• Assignment:
Output word for word the lines from the one with "Tropische Pflanzen mit" to the final line of the data, both ends included, but skip the pictures.

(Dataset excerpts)
***

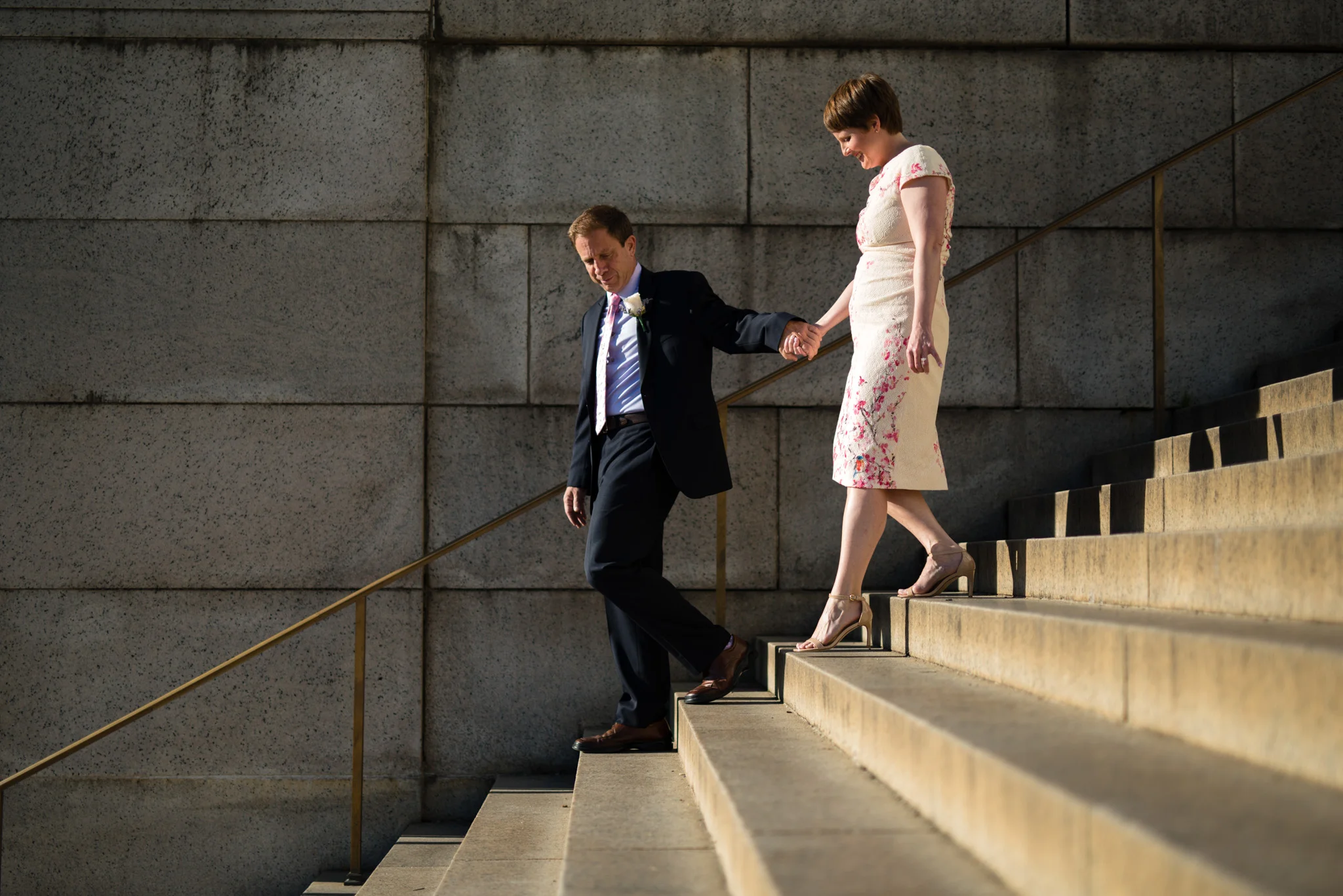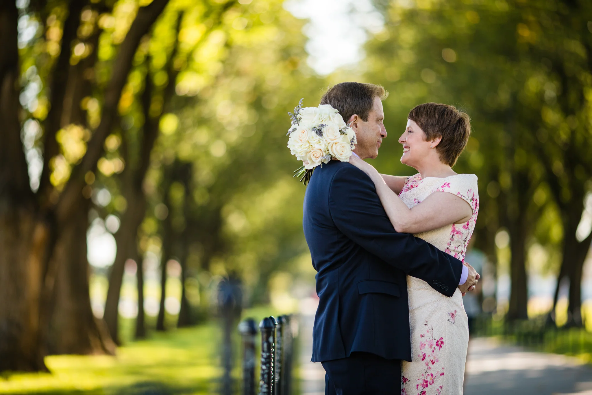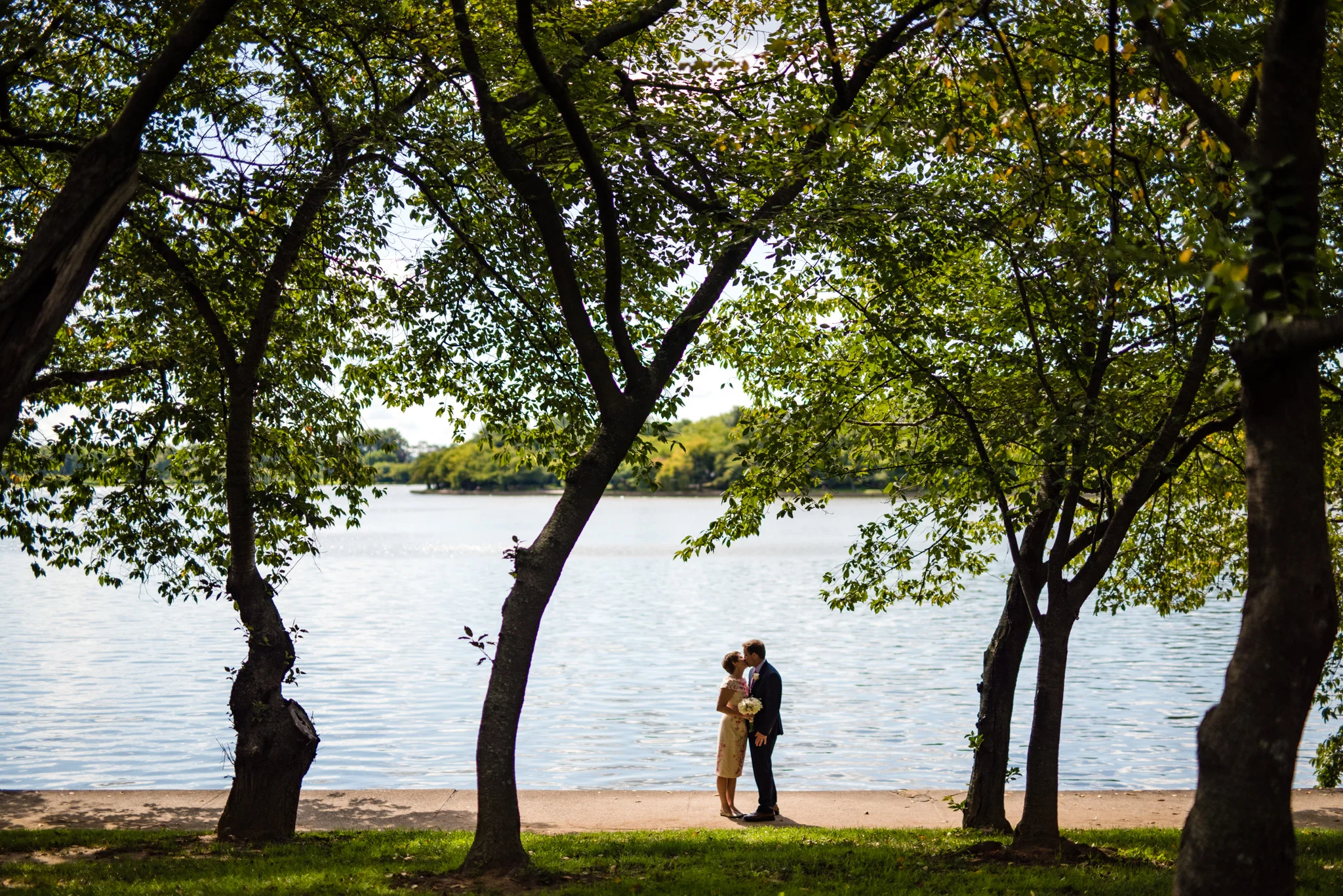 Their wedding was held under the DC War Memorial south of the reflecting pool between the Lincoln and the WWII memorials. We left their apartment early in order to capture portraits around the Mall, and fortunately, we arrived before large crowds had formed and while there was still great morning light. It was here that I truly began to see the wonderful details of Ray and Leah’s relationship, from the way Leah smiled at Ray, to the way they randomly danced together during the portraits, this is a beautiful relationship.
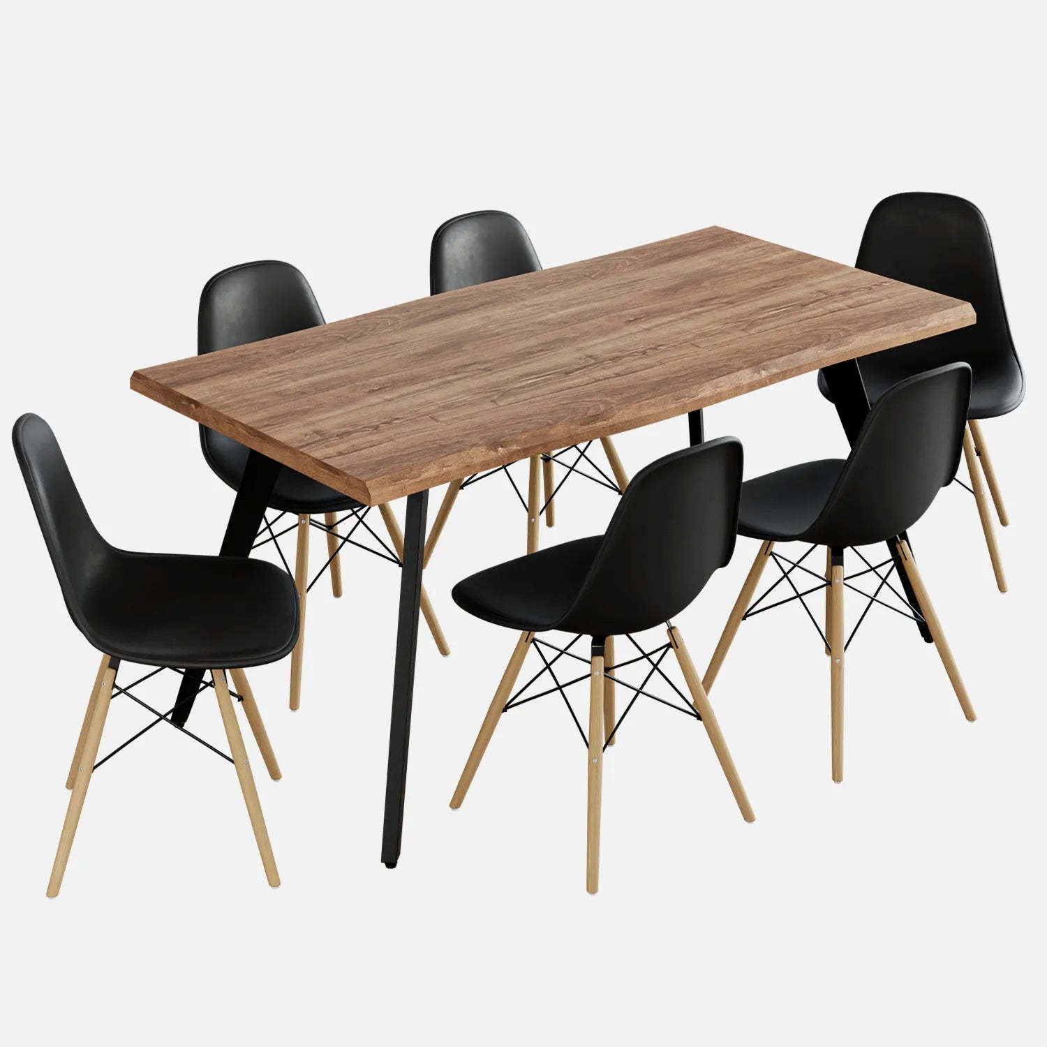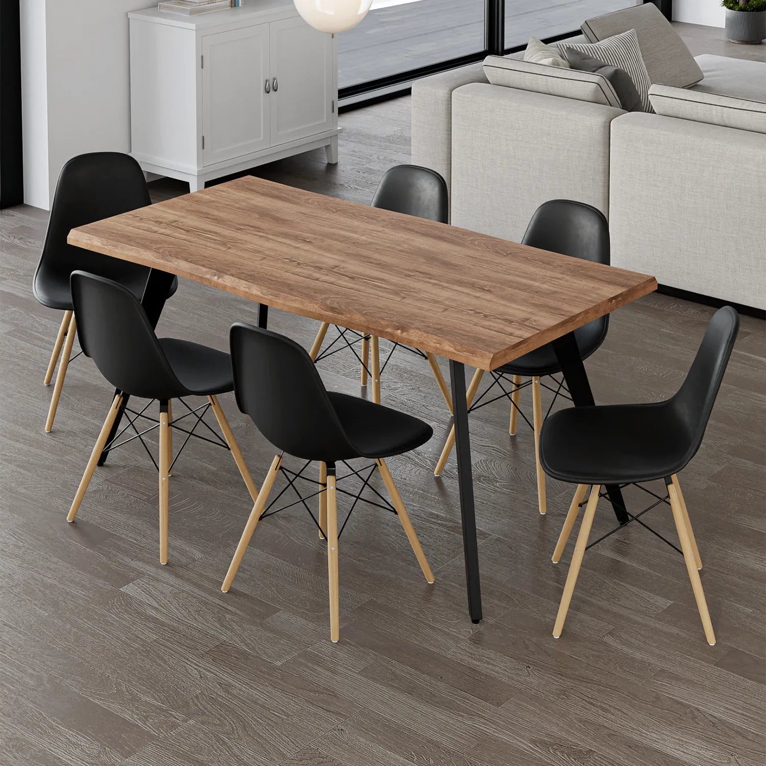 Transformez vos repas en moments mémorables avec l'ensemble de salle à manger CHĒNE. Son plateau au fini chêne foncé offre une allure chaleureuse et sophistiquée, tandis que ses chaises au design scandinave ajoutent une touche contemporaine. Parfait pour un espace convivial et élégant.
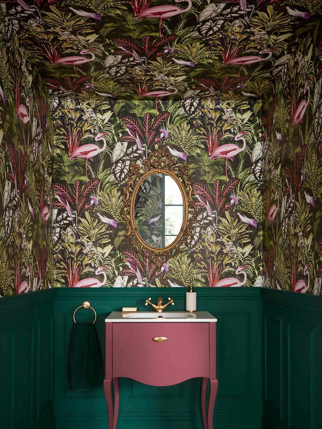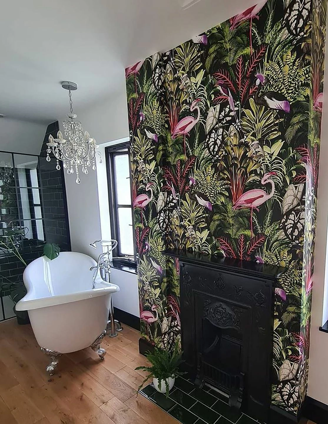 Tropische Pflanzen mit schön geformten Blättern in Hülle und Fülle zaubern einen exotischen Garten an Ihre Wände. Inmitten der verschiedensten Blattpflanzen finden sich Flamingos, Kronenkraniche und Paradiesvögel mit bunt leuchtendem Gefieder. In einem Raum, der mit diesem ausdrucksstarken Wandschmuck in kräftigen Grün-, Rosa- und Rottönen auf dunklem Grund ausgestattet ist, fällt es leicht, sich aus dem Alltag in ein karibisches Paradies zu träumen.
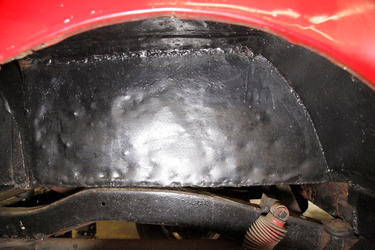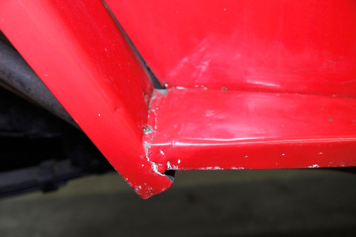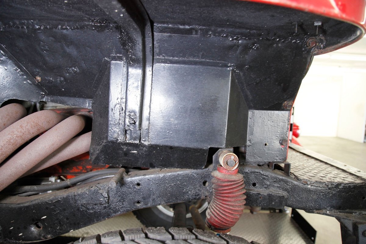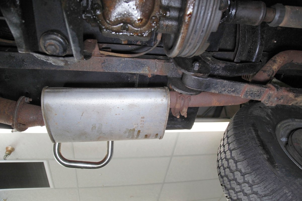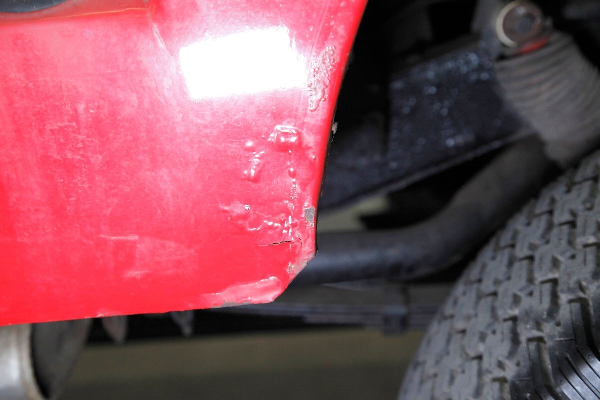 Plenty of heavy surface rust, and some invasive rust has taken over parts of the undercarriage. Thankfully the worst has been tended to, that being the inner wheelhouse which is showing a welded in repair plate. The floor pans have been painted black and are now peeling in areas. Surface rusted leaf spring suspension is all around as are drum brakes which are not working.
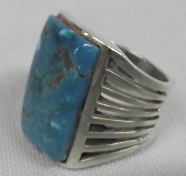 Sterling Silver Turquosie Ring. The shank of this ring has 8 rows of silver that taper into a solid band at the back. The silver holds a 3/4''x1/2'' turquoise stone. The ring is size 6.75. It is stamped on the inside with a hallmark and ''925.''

***

• Answer for this exercise:
 Tropische Pflanzen mit schön geformten Blättern in Hülle und Fülle zaubern einen exotischen Garten an Ihre Wände. Inmitten der verschiedensten Blattpflanzen finden sich Flamingos, Kronenkraniche und Paradiesvögel mit bunt leuchtendem Gefieder. In einem Raum, der mit diesem ausdrucksstarken Wandschmuck in kräftigen Grün-, Rosa- und Rottönen auf dunklem Grund ausgestattet ist, fällt es leicht, sich aus dem Alltag in ein karibisches Paradies zu träumen.
 Plenty of heavy surface rust, and some invasive rust has taken over parts of the undercarriage. Thankfully the worst has been tended to, that being the inner wheelhouse which is showing a welded in repair plate. The floor pans have been painted black and are now peeling in areas. Surface rusted leaf spring suspension is all around as are drum brakes which are not working.
 Sterling Silver Turquosie Ring. The shank of this ring has 8 rows of silver that taper into a solid band at the back. The silver holds a 3/4''x1/2'' turquoise stone. The ring is size 6.75. It is stamped on the inside with a hallmark and ''925.''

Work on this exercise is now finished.